GPUs and other resources

• Keep usage of resources under control. For RAM and cores usage : htop and for GPU usage : nvidia-smi or gpustat
• After running your code (in case it is not stable), make sure that resources being used are under control (using above commands).
• To use a GPU, you must first book it at this google sheet provided, you will find some rules on how to do it in the spreadsheet. If you have any questions, please ask!
• In case you have to login using the monitor in lab, then remember to log out before leaving. This is necessary since logging in at the monitor will take up GPU memory which is not released even when the monitor is switched off.
• Use at most one GPU at a time. In case you need more, use the Discord #gpus channel to ask for permission and coordinate with the other users.
  • By default, TensorFlow uses all GPUs available. Set up your experiments to use the correct GPU.
  • In PyTorch, use torch.cuda.set_device(id) to set the proper GPU. Replace id with 0 for GPU0 and so on.
• After completing your task make sure you release the GPU memory (if not done automatically). Use nvidia-smi to look at running processes and kill them using kill <pid>.
• To determine the owner of process <pid>, use ps -o user= -p <pid> to find the username of the owner. If GPU is not booked, use the #gpus channel on Discord to coordinate with the user or request the admin to kill the process.

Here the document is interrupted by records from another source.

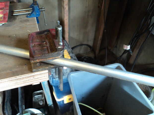 - En este punto puede Agregar si lo desea los agujeros de la PEEP de tolvas. Sólo tiraron en un tornillo de banco y utilizar mi taladro. Los agujeros están espaciados aproximadamente 1 el 1/2" aparte, esto es horrible admitir pero no medirlo, solo perforó la mano libre de agujeros. Yo soy mi propio peor enemigo a veces...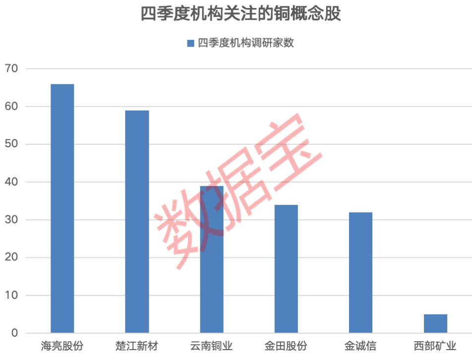 进入四季度后,多只铜概念股获得机构高度关注,6股获5家及以上机构调研,海亮股份、楚江新材、云南铜业机构调研家数居前,分别达到66家、59家、39家,多家上市公司谈到公司产品在新兴领域的拓展情况。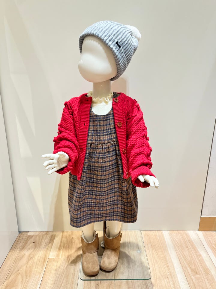 柔らかなニットカーディガンです。チクチクしないのでお子さまも着用していただきやすく、体温調整に重宝する一枚です◎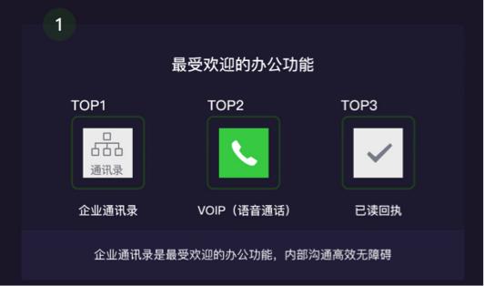 最受欢迎办公功能:企业通讯录、VOIP(语音通话)及已读回执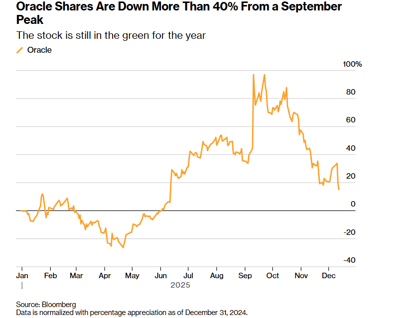 上图显示,甲骨文股价较9月高点已下跌超过40%——但该股年内仍为正向投资收益。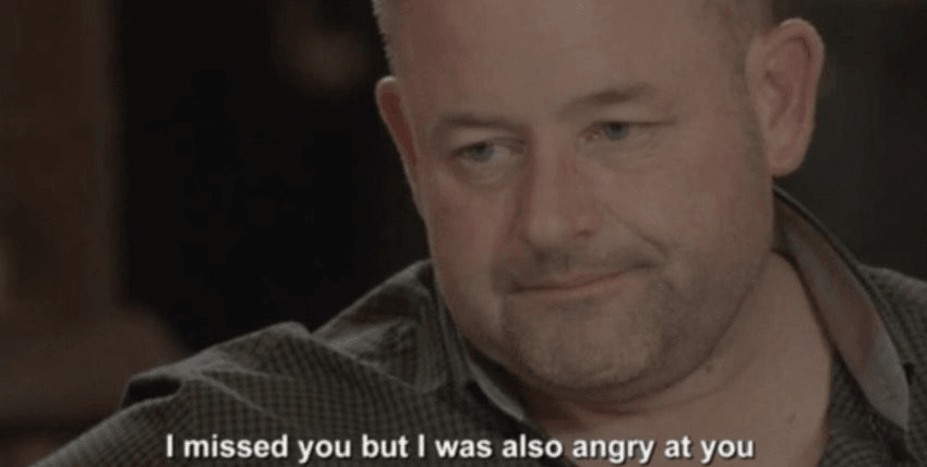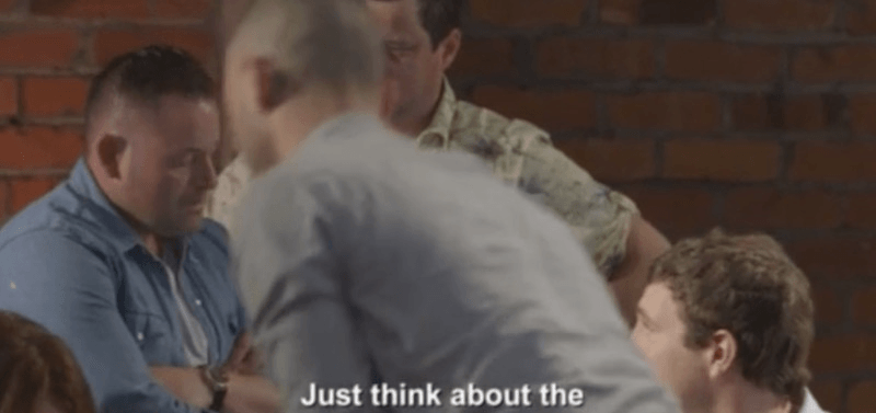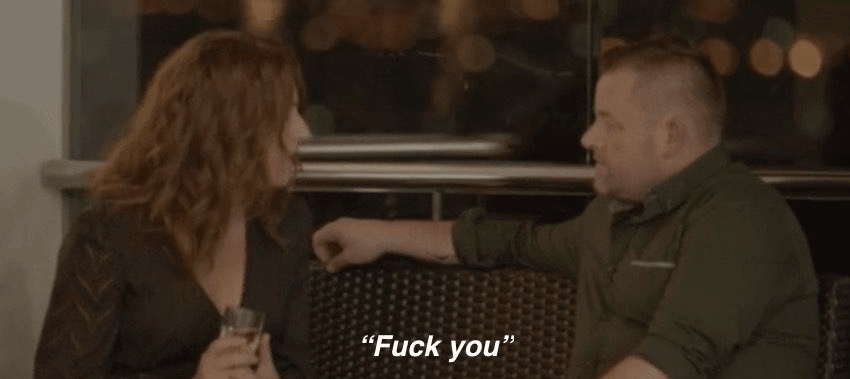 First of all: has anyone ever sworn anywhere near as much as Gareth at the reunion dinner? Swaggering in with his new forever-love Wayne, Gareth lovingly told his wife Ottie to “shut the fuck up” at the dinner table, before she threatened to pull his ponytail. Ahh, don’t you just miss those gooey, loved-up early stages of a relationship?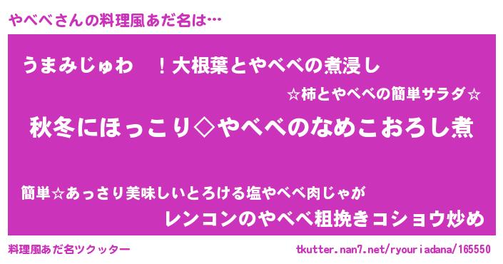 | ヘコむあだ名 | 『酢こんぶ』『やべべ(笑)』『やべを』 |

If unbooked GPU user does not respond quickly, then admin must kill the process.

How to setup your enviroment

• You must use conda to create an enviroment if you have custom dependencies for your project. DO NOT install conflicting packages in the base enviroment.
• Useful conda commands are listed below
  • To create an enviroment: conda create -n <name_of_your_enviroment>
  • Enviroment with custom Python version: conda create -n <name_of_your_enviroment> python=X.X where X.X represents the Python version you want to install. For example, the command for creating an enviroment with Python 3.5 would look like: conda create -n <name_of_your_enviroment> python=3.5
  • To install custom packages while creating your envrioment you can just list them out like this:

    conda create -n <name_of_your_enviroment> <package1> <package2>
    

    e.g. for creating enviroment with pip and sklearn packages the command would be: conda create -n <name_of_your_enviroment> pip sklearn Note: You can install pip as a conda package and then use it to install other packages as well
  • Make sure you are within your own environment and then you can use conda to install packages: conda install <package_name>, if the package is on custom channel use: conda install -c <channel_name> <package_name>
  • For more information on how to use conda please refer to the conda official documentation.

Writing code over ssh

• Jupyter Lab / Notebook :
  • Start Jupyter Notebook / Lab using jupyter-lab --port=<allocated_port> --no-browser after logging into your account.
  • In a local terminal, use ssh -f -N -L localhost:<local_port>:localhost:<allocated_port> username@ip_address to forward the allocated_port to your local_port.
  • Note that local_port and allocated_port are 4-digit numbers. Also, if either of the ports is already in use, the above command may fail.
  • Open the browser in your local PC and type URL localhost:<local_port>.
  • Example: Suppose you want to start jupyter-lab with port 6767 on the remote PC, then use jupyter-lab --port=6767 --no-browser. This will start a Jupyter Lab at port 6767 (this is the allocated_port). Now, suppose you want to access it in your local PC at port 8988 (this is the local_port), then use ssh -f -N -L localhost:8988:localhost:6767 username@ip_address. Note that this is called port forwarding (forwarding port from remote to local PC). Then, in your local browser, use the URL localhost:8988.
  • Note: Same commands apply for Jupyter Notebook. Just replace jupyter-lab by jupyter-notebook.
  • For installing Anaconda enviroments in Jupyter, use the following commands

  source activate myenv
  python -m ipykernel install --user --name myenv --display-name "Python (myenv)"
  

  for more info refer link
• Visual Studio Code :
  • This is one of the easiest ways to remotely write code.
  • Just follow the instructions given here and you can setup VS Code to connect to the remote server and edit any files there.
  • Using key-based authentication, you can configure both your laptop terminal and VS Code to login without password. Instructions for that are linked in the previous link.
• PyCharm or Atom or other editors :
  • There may be ways to configure a remote server on these editors too. If someone finds the link to instructions for this, then you can open a pull request linking it here or contact the admins to add it here.
• Vim / Nano :
  • vim and nano are terminal-based text editors which can also be used for quick access.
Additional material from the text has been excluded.